HIV continues to be a major global public health issue, having claimed more than 35 million lives. In 2017, 940 000 people died from HIV-related causes globally. There were approximately 36.9 million people living with HIV at the end of 2017 with 1.8 million people becoming newly infected in 2017 globally.

 

To support continuing research into HIV we have developed a panel of recombinant gp120 proteins for different strains of HIV.

HIV background

Human immunodeficiency virus (HIV) is an enveloped single stranded virus that is a member of the genus Lentivirus in the family Retroviridae. Two types of HIV are recognised: HIV-type 1, which is responsible for most HIV infections globally and HIV-type 2, which is restricted to some regions of Africa. In 2016, it was estimated that 36.7 million people worldwide were living with HIV infection (UNAIDS factsheet).

HIV-1 viruses may be further divided into groups, being M, N, O and P. The HIV-1 group M viruses predominate and are responsible for the AIDS pandemic. Within the M group of HIV-1 there are a number of genetically distinct sub-types (also known as clades). Different subtypes can also combine genetic material to form a hybrid virus or “circulating recombinant form (CRF)”. Subtype B is the most common in the Americas and Western Europe, whilst subtype C is the predominant form in Africa and India. Most research has been carried out into subtype B, although it accounts for only around 12% of infections worldwide.

Human Immunodeficiency Virus is transmitted from person-to-person through contact with contaminated blood, seminal fluid, vaginal secretions, rectal fluids and breast milk. HIV particles can be detected in the blood 10-12 days after infection. Characteristics of HIV infection vary and may include flu-like symptoms, fever, arthralgia, lymphadenopathy, pharyngitis, weight loss and general malaise. An asymptomatic phase follows the acute phase of HIV infection. During this phase, the effects of HIV infection continue resulting in a decrease in CD4+ T-cell populations and impairment of the immune system. Seroconversion is estimated to occur between 3- 5 weeks after infection. (Fanales-Belasio, E. et al).

HIV targets cells of the hosts immune system including circulating host T-cells, precursor T-cells in the bone marrow and thymus, dendritic cells, macrophages and monocytes, eosinophils and microglia cells in the central nervous system. The HIV gp120 envelope glycoprotein enables the virus to enter host target cells by interacting with CD4, a cell surface glycoprotein. Chemokine receptors have also been identified, primarily CXCR4 and CCR5, which act as co-receptors for viral entry (Wilen, C.B. et al).

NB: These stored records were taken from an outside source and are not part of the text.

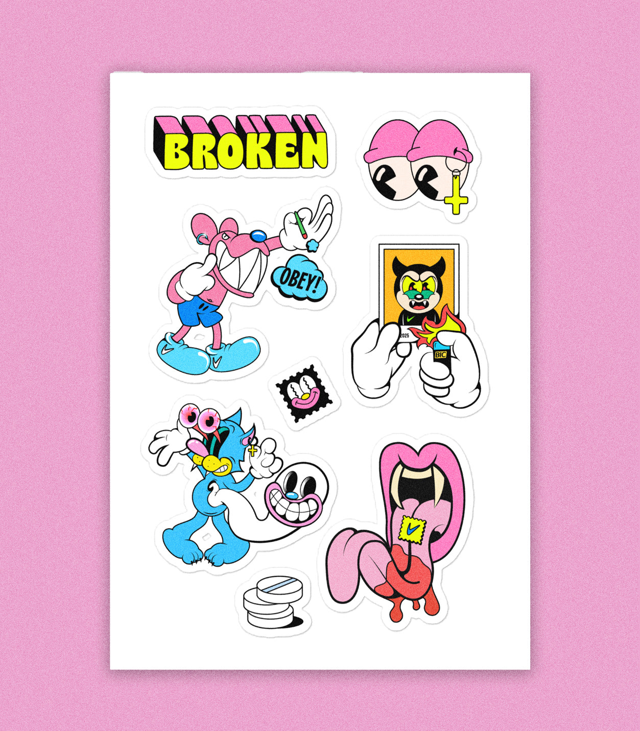 A pack of cracked smiles, twisted eyes, and cartoon chaos. From “BROKEN” to screaming mouths and freaky blue characters, this glossy sheet drags pieces of the Ovcharka universe right onto your laptop, phone, or notebook.
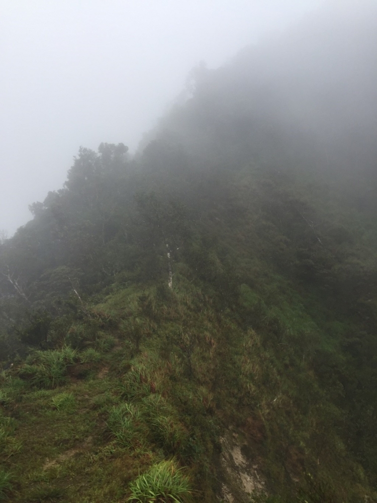 (ถึงยอดฝามี 1,654m แล้วครับ มองไม่เห็นวิวอะไรเลย ฝนตก หมอกหนามาก)
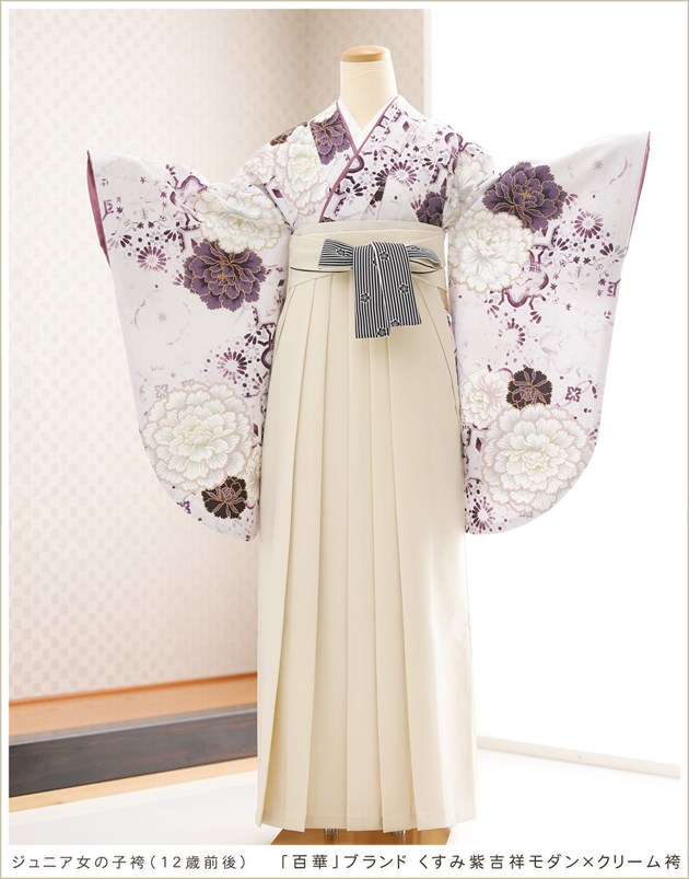 joh5162 (「百華」ブランド くすみ紫吉祥モダン×クリーム袴 /十三参り・卒業式/女の子ジュニア袴)
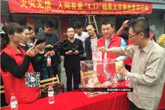 4月19日,由苍南县网络界人士联谊会、龙港镇慈善总会、龙港网主办,龙港镇综合执法大队、三味书坛 、苍南县东海民防救援中心协办的"4.17"钱库火灾事故募捐活动今天上午9点至晚上21点止在龙港镇龙跃路工行门口开展爱心募捐活动,现场共收到捐款141300元。
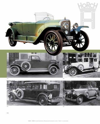 Os primeiros anos - Horch, onde a lenda começou. August Horch fundou a August Horch & Cie em 1899 e estabeleceu as bases para a indústria automobilística alemã. Após deixar a empresa em 1909, Fritz Seidel e Heinrich Paulmann deram continuidade ao seu legado, mantendo a ênfase na qualidade e resistência dos veículos Horch.
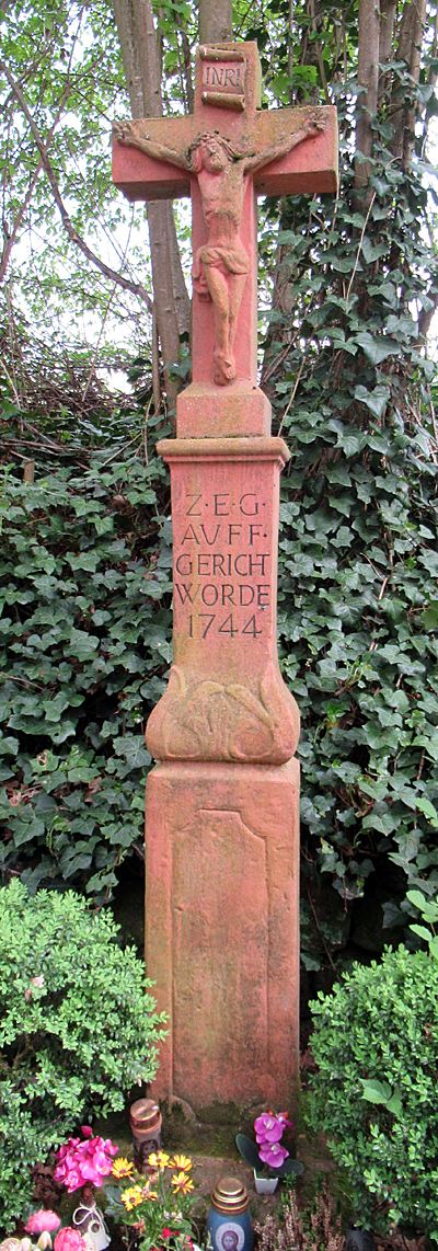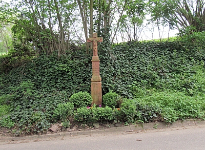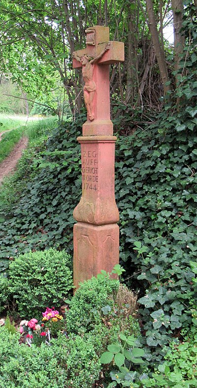 Wegekreuz nordöstlich der Ortslage an einem Wirtschaftsweg. Schaftkreuz in barocken Formen, neu bezeichnet 1744. Das Abschlußkreuz wohl jünger (das Originalkreuz laut Meyer mit kleeblattbogigen Balkenenden). [1]
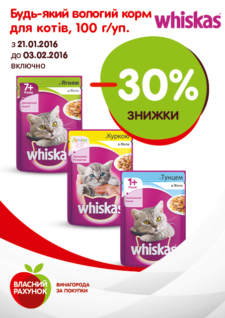Описание акции: | З 21 січня до 3 лютого 2016 року включно в супермаркетах «Сільпо» діє акція на будь-який вологий корм для котів Whiskas®, 100 г/уп. – знижка 30% на кожну одиницю акційної продукції у чеку.![]() | ||||||
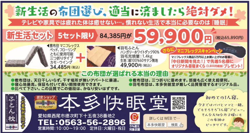 本多快眠堂の 新生活の布団 の広告が出ます。
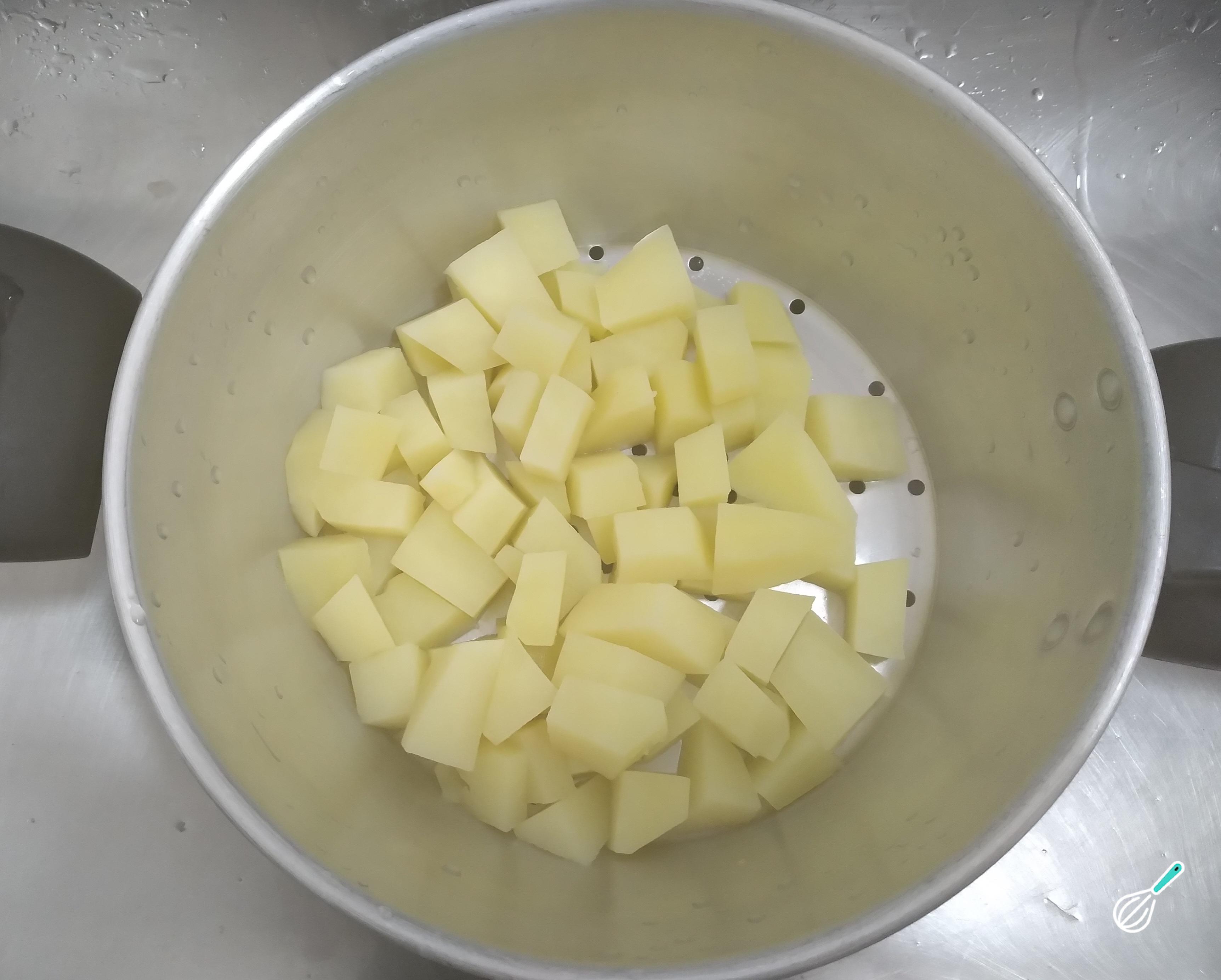 Depois de cozidas escorra as batatas em um escorredor. Deixe que a água do cozimento escorra bem e as batatas fiquem bem sequinhas.
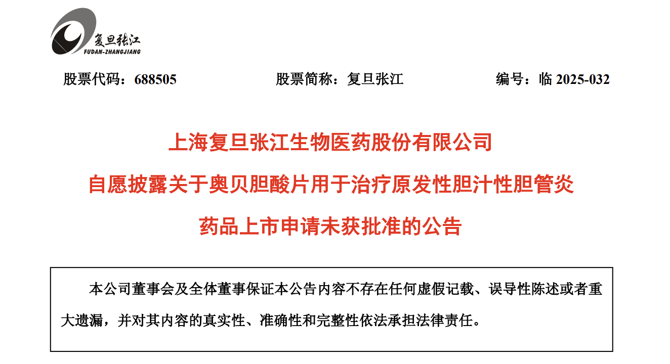 13日,复旦张江(688505.SH)发布公告称,其全资子公司泰州复旦张江药业有限公司(简称“泰州复旦张江”)申报的用于治疗原发性胆汁性胆管炎(PBC)的奥贝胆酸片(规格:5mg、10mg),因不符合药品注册的有关要求,注册申请未获得国家药监局批准。医药研发
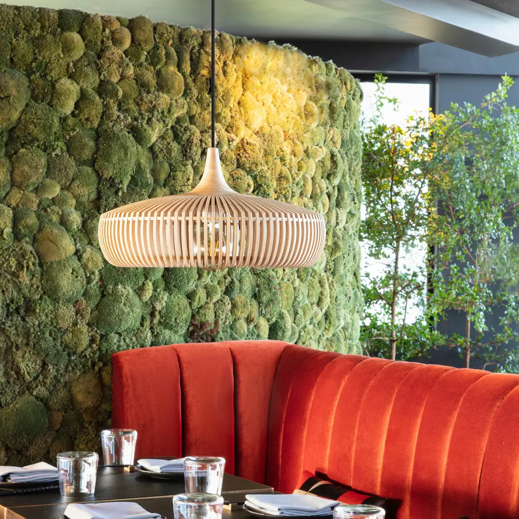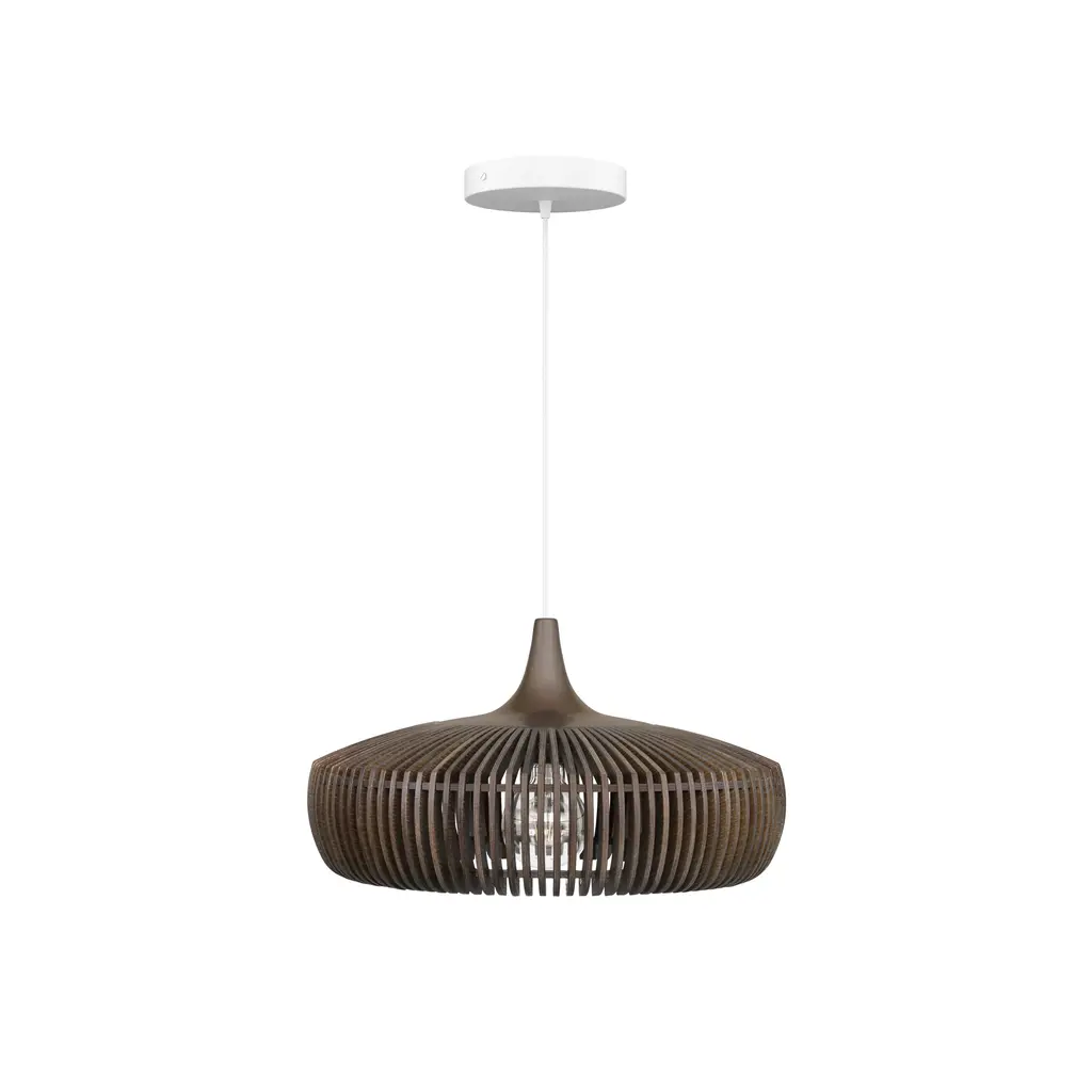 Designed with laser-cut wooden lamellae in ash and oak veneer, the Clava Dine Wood Pendant features a solid oak top, creating a unique and intricate pattern. The minimal distance between each lamella ensures a precise and elegant design, casting beautiful rays of light and creating a sculptural focal point. This pendant is available in natural oak, dark oak, and black oak.
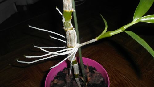 Моему дендробиуму уже больше 1.5 года.Как цветочки опали,так и больше не цветет.На стволах появляются (незнаю как это называется)как отросточки с корнями,но корни какие то неживые,мягкие и как пустые.И я незнаю что делать с этими отросточками,обрезать и рассадить или пусть так растет,но их появляется много.Один я разделила и пересадила,так ини какие то вяленькие стоят.И как это называется,помогите пожалуйста!
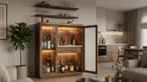 Perfect for small homes or apartments, a home cocktail bar cabinet keeps everything organised and stylish. Look for pull-out shelves, glass-front doors, or built-in lights that add flair without taking up too much space.
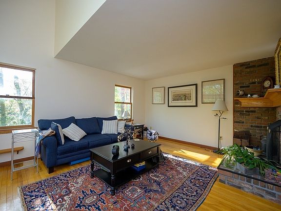 Charming 4 bedroom 2 1/2 bath contemporary home in North Amherst close to UMass, Cushman Market, Puffer's Pond, conservation trails, and a short ride to downtown. Ideal walking neighborhood. Well landscaped yard, 1 car garage, large three season porch overlooking a water garden, perfect for relaxing and entertaining, Inside you will find an open floor plan on the main level with living room, cathedral ceilings, fireplace and large windows, dining area, kitchen with bedroom, and a 1/2 bath. Upstairs is the primary master suite with walk-in closet and full bath, along with 2 additional bedrooms with ample closet space and full bath The lower level includes a family room, utility room with laundry and access to the garage. A must see in a great location. First showings Saturday May 10th 1:00 - 3:00 PM. Open House.
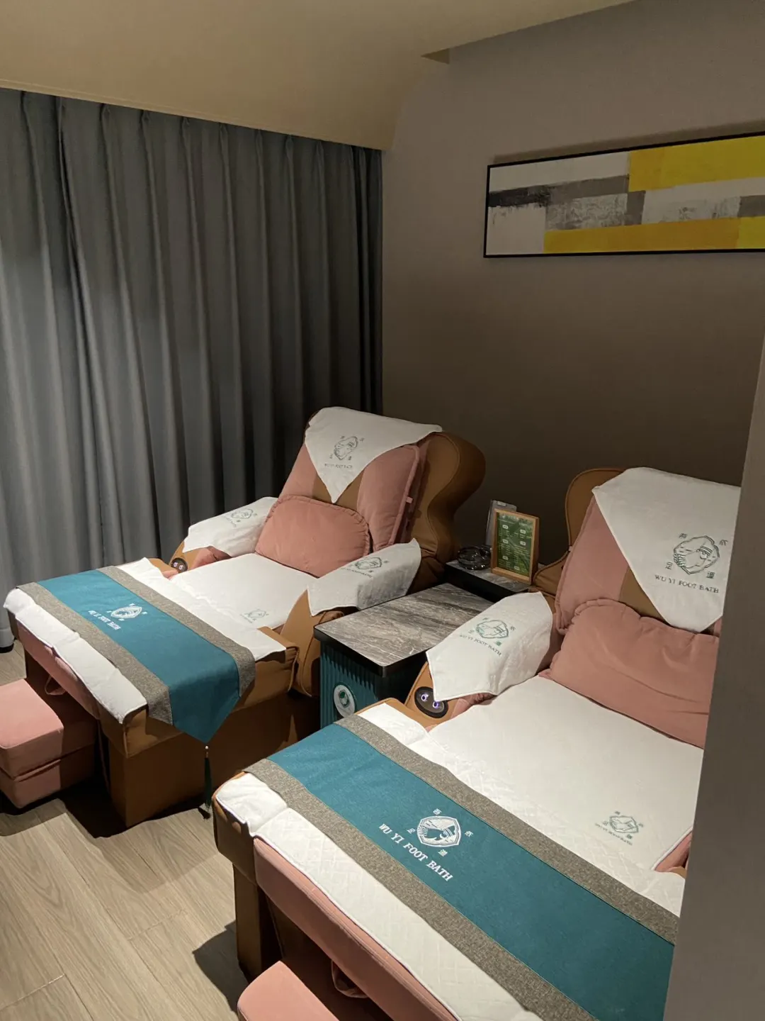 每天都是特种兵的一天🥹 周末终于闲下来有时间去享受一下了!! 又又又来到了我的快乐老家 就在国金附近!!步行几分钟就到了 逛街逛累了可以直接来按摩💆 技师的按摩手法很舒服!! 按着按着我都睡觉了💤 小吃无限量➕电影➕按摩➕智能控制➕🆓寄存行李➕29r可以过夜!! 她家的是带独卫的!!真的很放心~ 一次性的卫生洗漱用品 暖暖的很贴心 前台夜景🌃很漂亮 能看见国金下面的打卡墙!!🥰
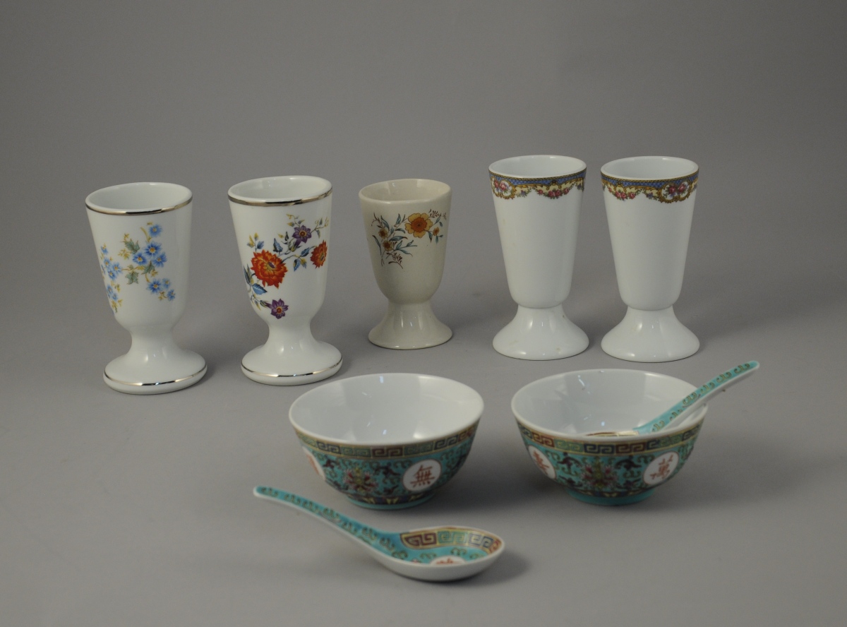 5 MAZAGRANS en porcelaine et 2 BOLS et leurs CUILLÈRES en porcelaine dans le goût de la Chine.
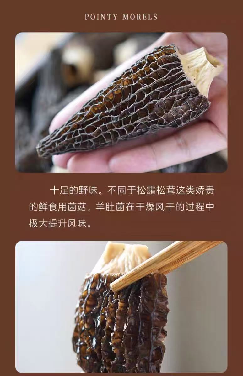 我们严选特级羊肚菌,菌体饱满完整,褶皱深邃自然,色泽棕褐温润。每一朵都经过人工精挑,确保无杂质、无添加,品质纯粹。
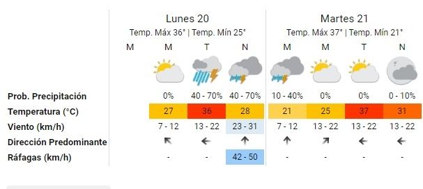 El martes, en tanto, la temperatura seguirá subiendo, y la máxima será de 37º, mientras que la mínima será de 21º.
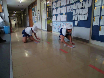 いつも6年生が職員室前の廊下をきれいにしてくれています。本日は、5年生がていねいに掃除をしてくれました。
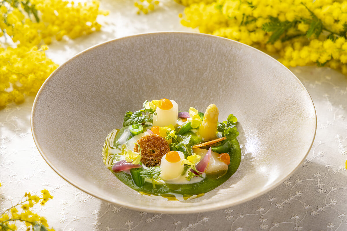 新鮮なホワイトアスパラと生ハムのブランマンジェの上に、旬の甘みたっぷりなスナップえんどうのソースを流し、ホワイトアスパラを始めとした春の食材を散りばめたメニューです。
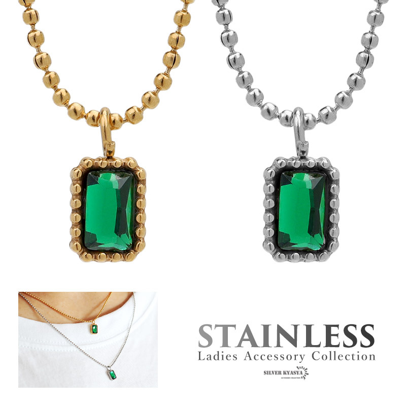 - (ゴールド) ネックレス ステンレス グリーン 緑 一粒ストーンネックレス ストーン 18KGP ボールチェーン 細身
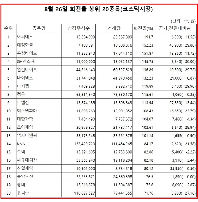 26일 증권시장에서 코스닥 종목의 거래량 회전율 기준 상위 종목은 다음과 같다.
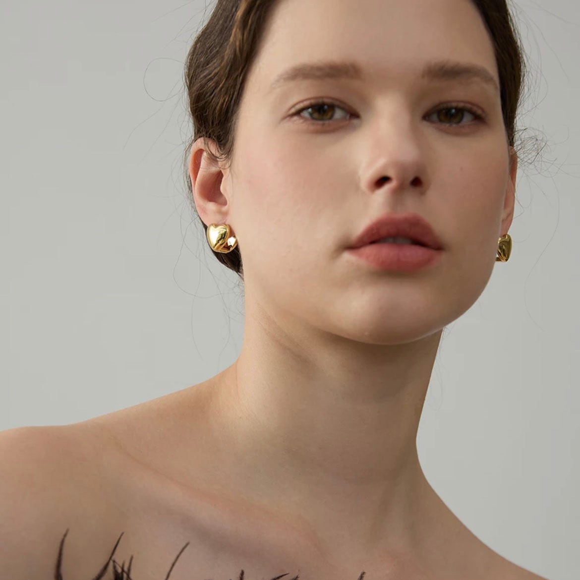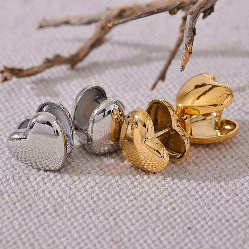 ハート型のステンレスピアス。小ぶりで可愛らしく、デザインもシンプルでファッションを選ばずご着用いただけます。ワンタッチタイプだから着脱も簡単です。

In the absence of treatment, HIV infection can progress further resulting in a decrease in T-cell numbers and development of Acquired Immunodeficiency Syndrome (AIDS). AIDS renders the individual susceptible to opportunistic infections including Microcystis carinii, Candida albicans, Cytomegalovirus and Herpes zoster, which are life-threatening in these patients. (Fanales-Belasio, E. et al). Effective antiretroviral therapy (ART) is widely available for the treatment of HIV infection. In 2016, approximately 19.5 million people worldwide are reported to be receiving ART resulting in significant reductions in death rates in both children and adults (UNAIDS factsheet).

HIV Antigens

We offer a panel of recombinant HIV gp120 proteins that have been expressed in a mammalian cell system, ensuring correct glycosylation. These proteins are available from different sub-types of HIV-1, allowing researchers to study the different behaviour of the different types of virus and the associated activity of gp120.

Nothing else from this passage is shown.